### TASK INSTRUCTIONS
Set down each entry below exactly as written, keeping the pictures out.

+ + + + + + +

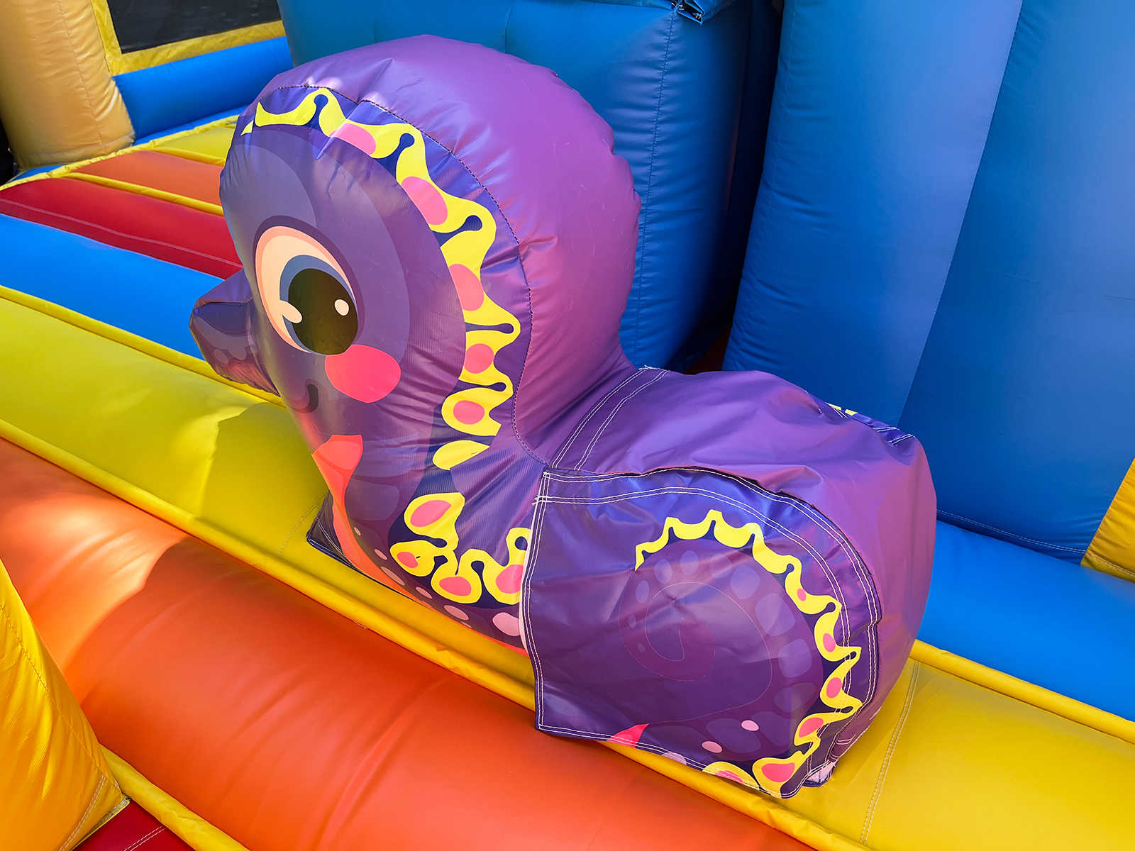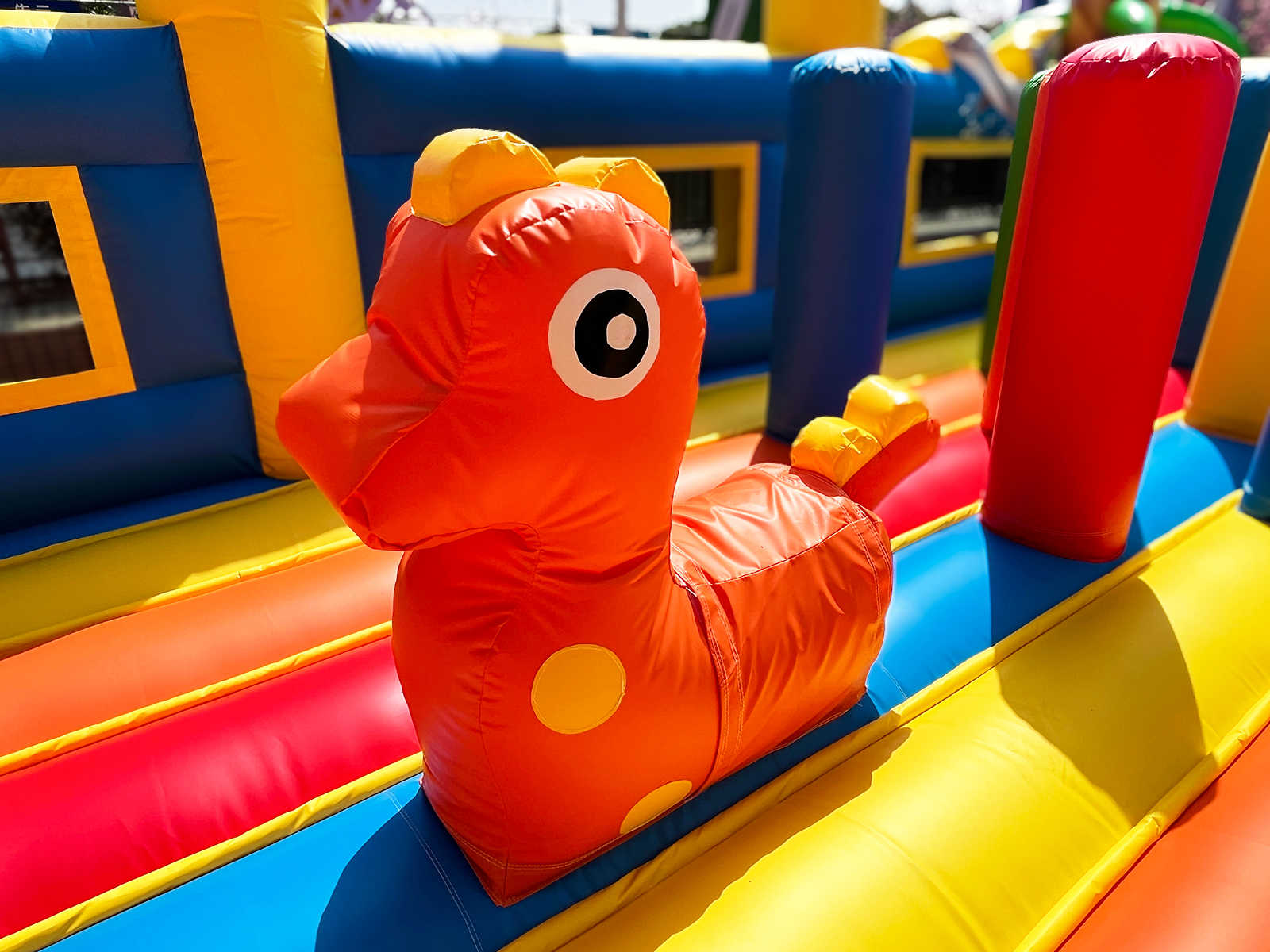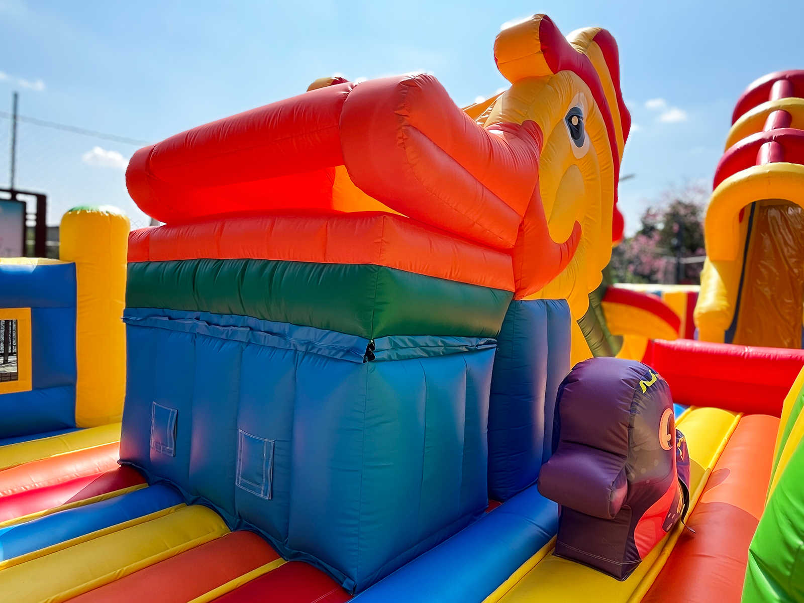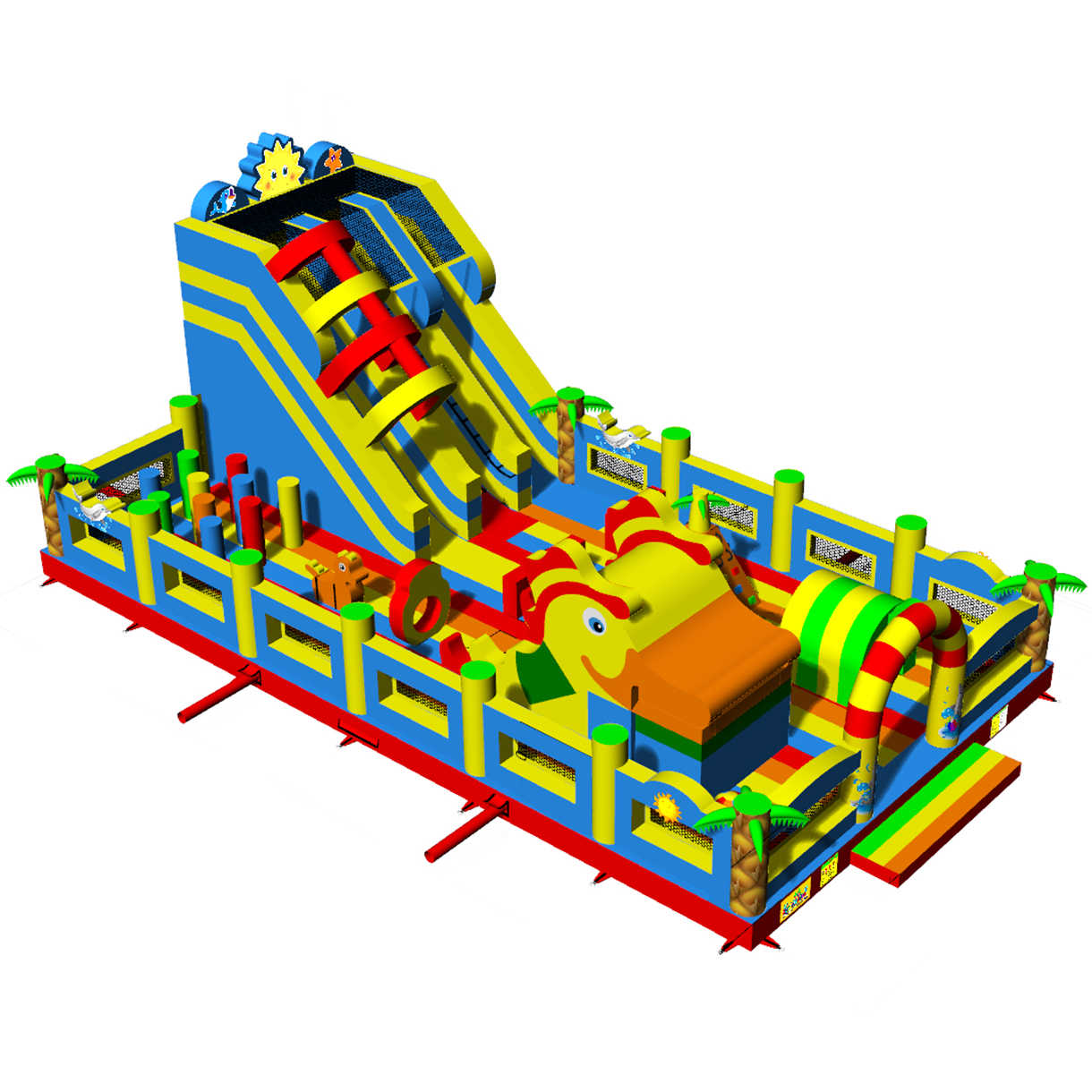 Одновременно в аттракционе могут находиться до 34 детей. Каждый элемент здесь продуман для активной игры: мягкие преграды, яркий тоннель, надувные зверушки, арки, столбики, скалодром и огромная горка, с которой спуск — настоящее приключение. Это целый мир, в котором ребёнок может прыгать, лазить, бегать и просто веселиться без остановки.
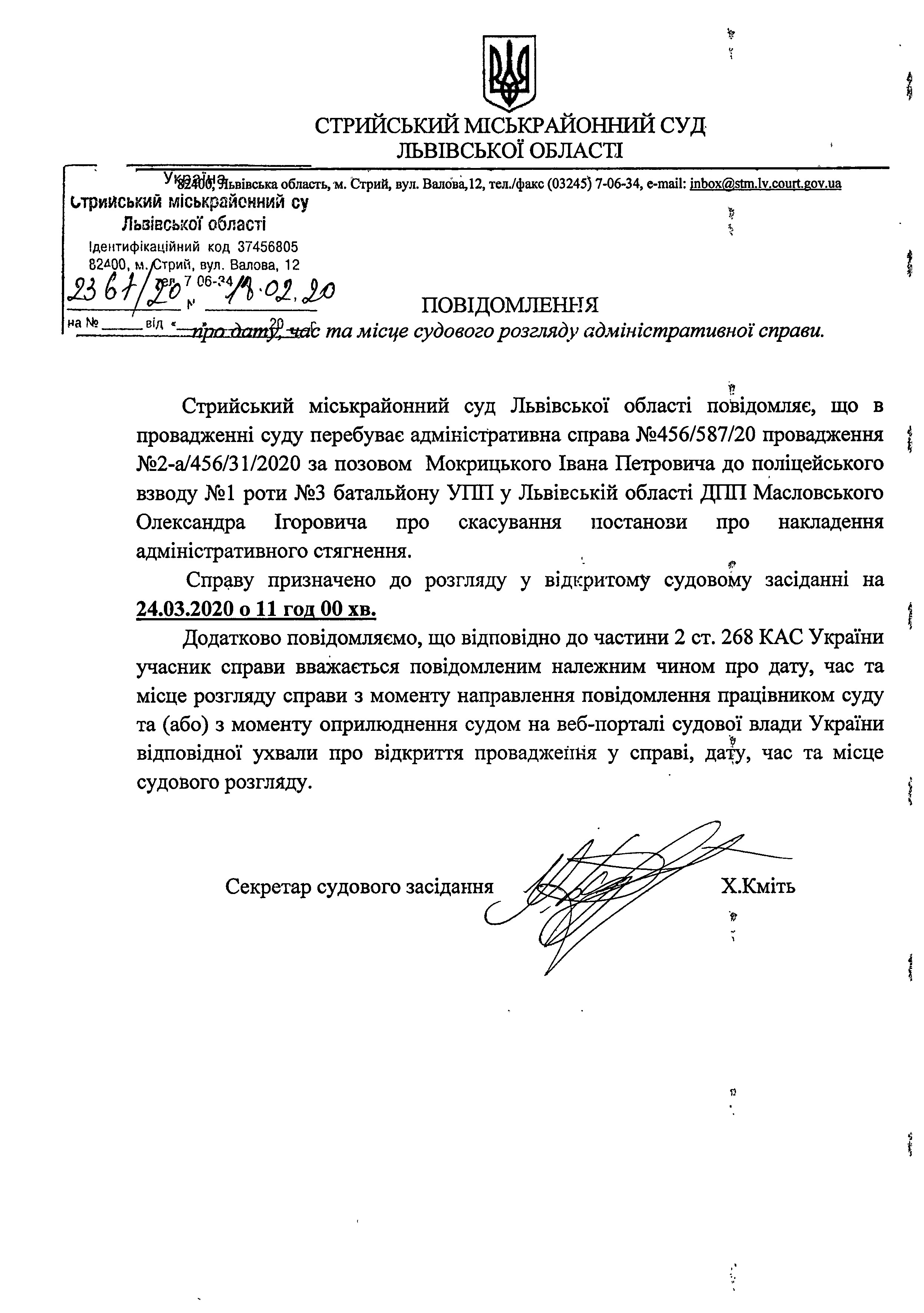 Повідомлення про дату, час та місце судового розгляду адміністративної справи
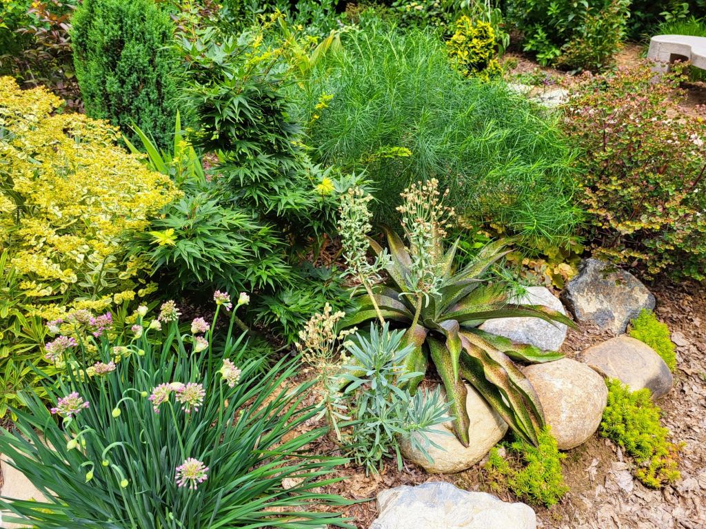 Mangaves, agaves, and other winter tender plants stored in the basement and greenhouse will be planted out in April when the threat of severe cold has passed.
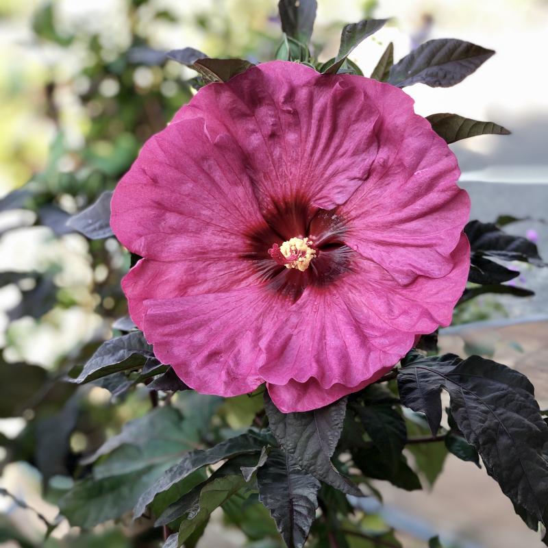 This variety's large 7-8" lavender-pink flowers have deep red centers and are showcased from late summer to early fall over deep bronze-green glossy foliage.
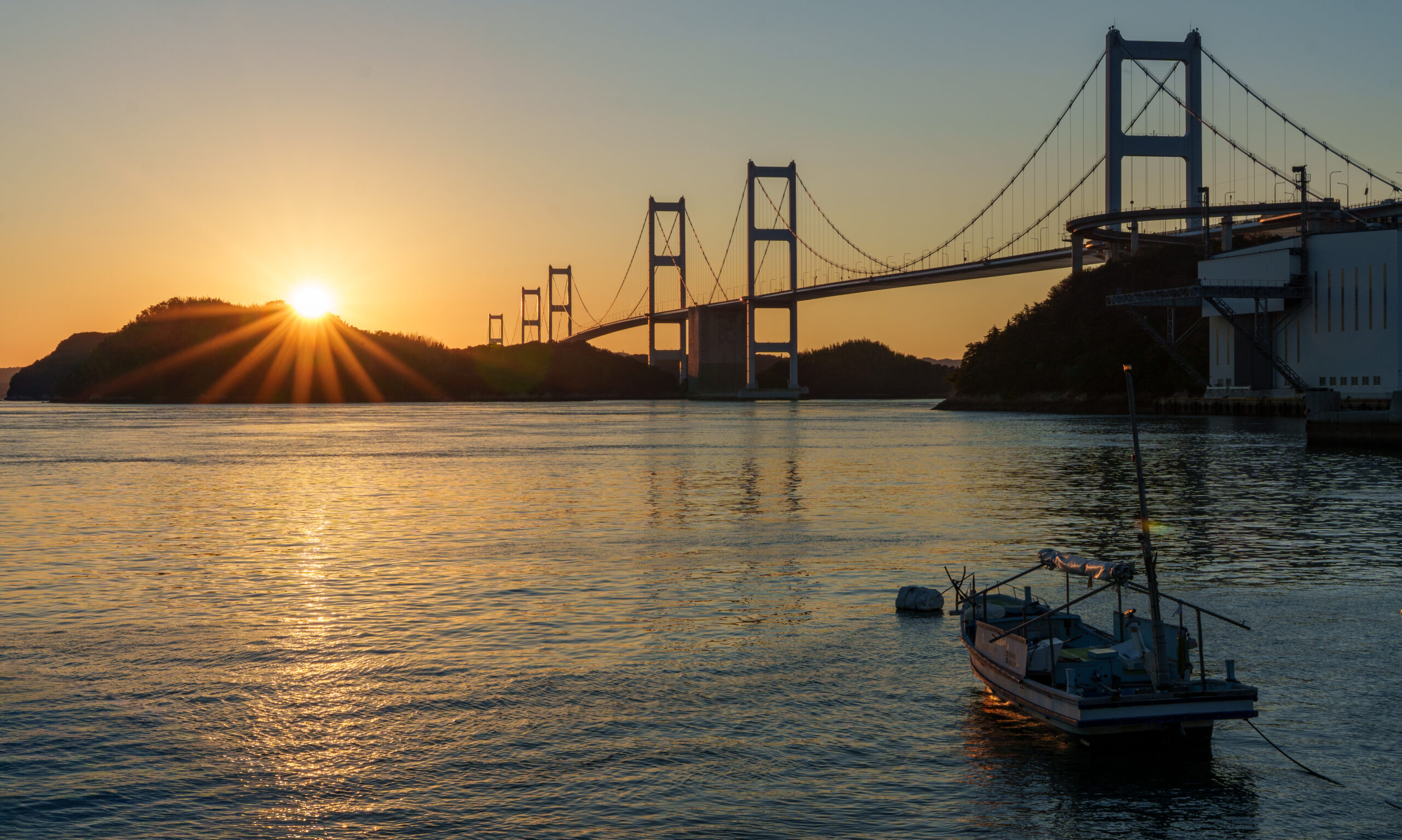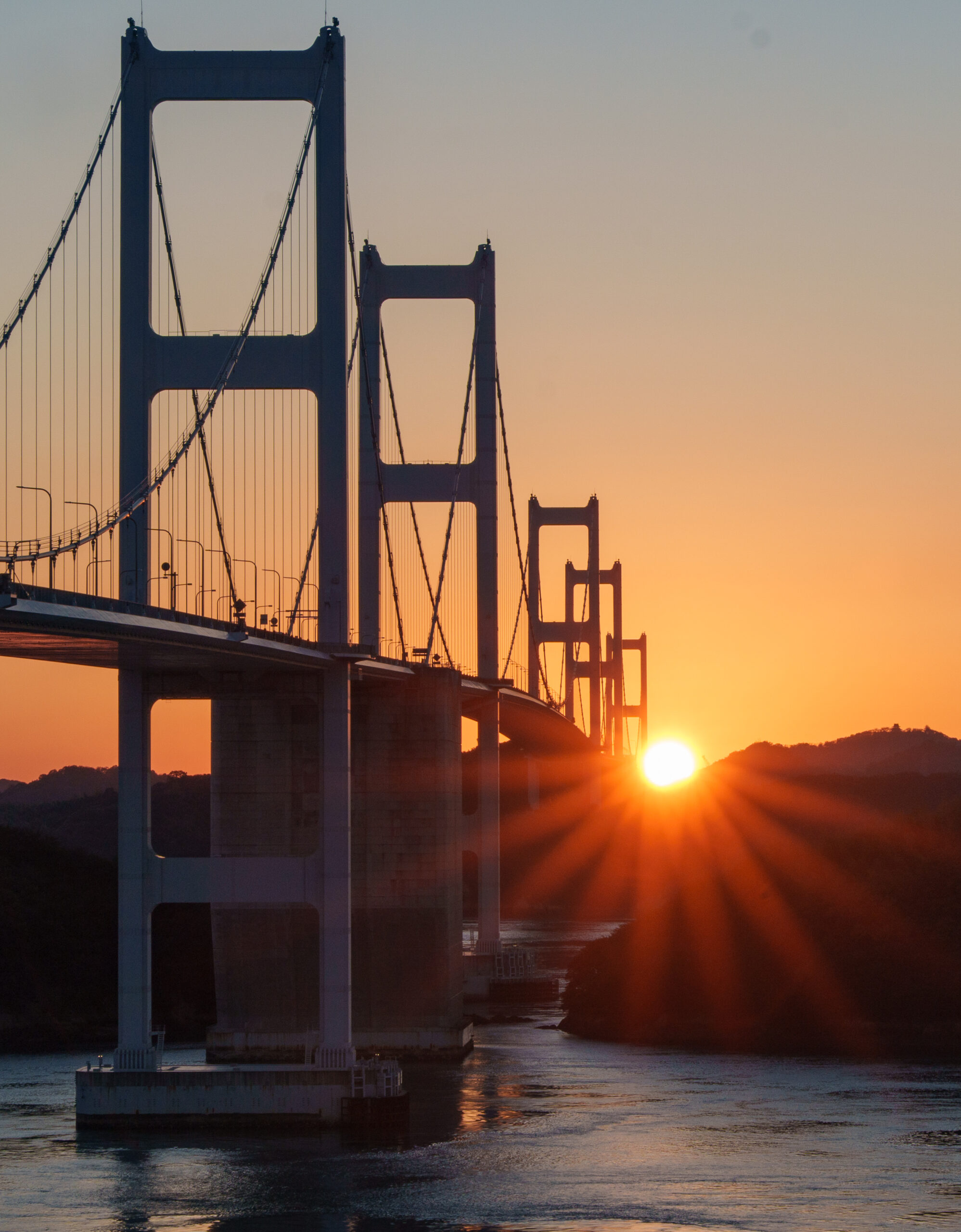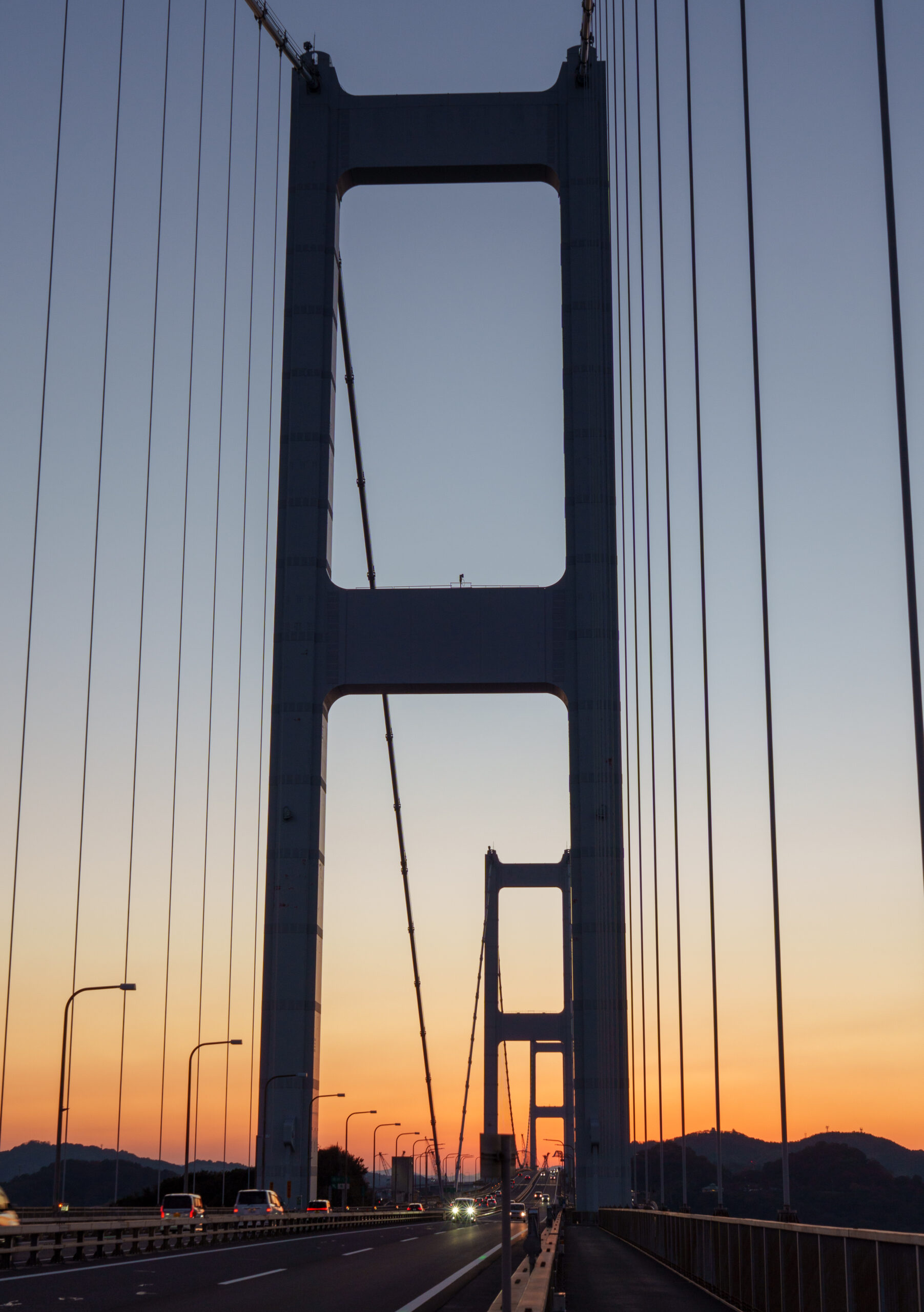 By the time we were at the long Kurushima bridges, the sun was setting which made for some lovely views for the last stretch.

+ + + + + + +

### REPLY TO THE EXERCISE
 Одновременно в аттракционе могут находиться до 34 детей. Каждый элемент здесь продуман для активной игры: мягкие преграды, яркий тоннель, надувные зверушки, арки, столбики, скалодром и огромная горка, с которой спуск — настоящее приключение. Это целый мир, в котором ребёнок может прыгать, лазить, бегать и просто веселиться без остановки.
 Повідомлення про дату, час та місце судового розгляду адміністративної справи
 Mangaves, agaves, and other winter tender plants stored in the basement and greenhouse will be planted out in April when the threat of severe cold has passed.
 This variety's large 7-8" lavender-pink flowers have deep red centers and are showcased from late summer to early fall over deep bronze-green glossy foliage.
 By the time we were at the long Kurushima bridges, the sun was setting which made for some lovely views for the last stretch.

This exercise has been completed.